Margi understood the word shuttle. Participants were in fact being taken to Meno as she’d surmised all along.
Another technician looked to the clients. “You may lie back now. Your Great Adventure is moments away.”
The clients lay down on the slabs. As they did, the technician lowered a net of wires over each of their heads, and the devices hovered above. Margi watched as the clients closed their eyes and faded into what looked like a deep sleep.
The voice gave a countdown. “Launch zero.” A pinging noise rang from the communicator as an image of a spherical space shuttle displayed in the air. The viewer telescoped onto the blur of sky. She stepped forward, compelled by a foreboding curiosity.
The devices over the clients’ heads pulsed a myriad of colors through the wires.
“Reaching Path point,” the voice said before counting down again.
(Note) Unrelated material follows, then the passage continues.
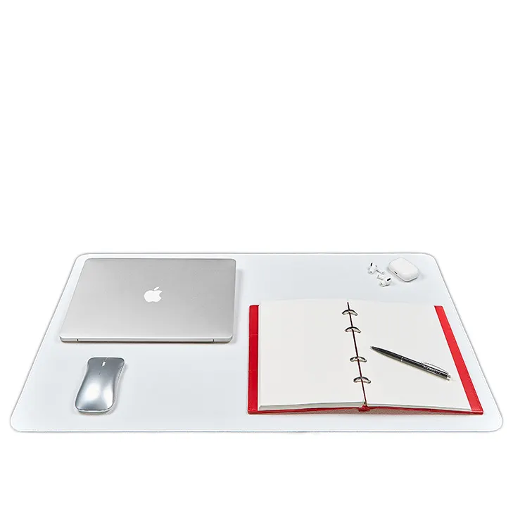 Килимок на робочий стіл 2.0 двосторонній біль уявлень унікальним аксесуаром, що поєднуває у собі практичність та стиль. Він виготувань із двох якихось матеріалів: з одного боку – натуральна шкіра краст білого кольору, з іншого – світлого екора, з іншого світлій еко-фетр з особливою обробкою. Такий дизайн не більше пофарбує естетику вашого робочого місця, але й запізняється комфортну експлуатацію при виконанні повсякденних завдань.

On the count of zero the shuttle vanished.
Each of the devices began to glow. A dome of light formed atop of what looked to be encased in a barrier shield.
“Confirm Path points,” the technician said.
“Confirming,” the voice said. A moment passed and the voice rattled off each of their names and numbers. Nad, Number 8394, Path point confirmed was uttered.
The display grew dark. The technicians went over to the first client, examined the body and aura of light, and advanced to the next one.
Margi forced her legs to carry her to the clients as they rested on their slabs.
“Of course, we keep them suspended until their clones are ready.
Margi recalled Rivner’s Great Adventure as Baq and how her clone was not yet ready before her untimely return to Danu. She approached one of the auras and the device that supported it. She suddenly thought of how her body on Earth was without an aura to keep it safe and worked to stifle her panic. Possibly the orb was such a device. She’d never considered herself a person who could murder another and yet if she could kill Dr. Howard, she would and vowed to do so at that moment.
She peered down at the body and realized that it was Pessa, the girl with an imperfect heart. She lay there peacefully, somewhere between living and dead, with her spirit trapped in the aura hovering above her body, yet living through an avatar on Meno.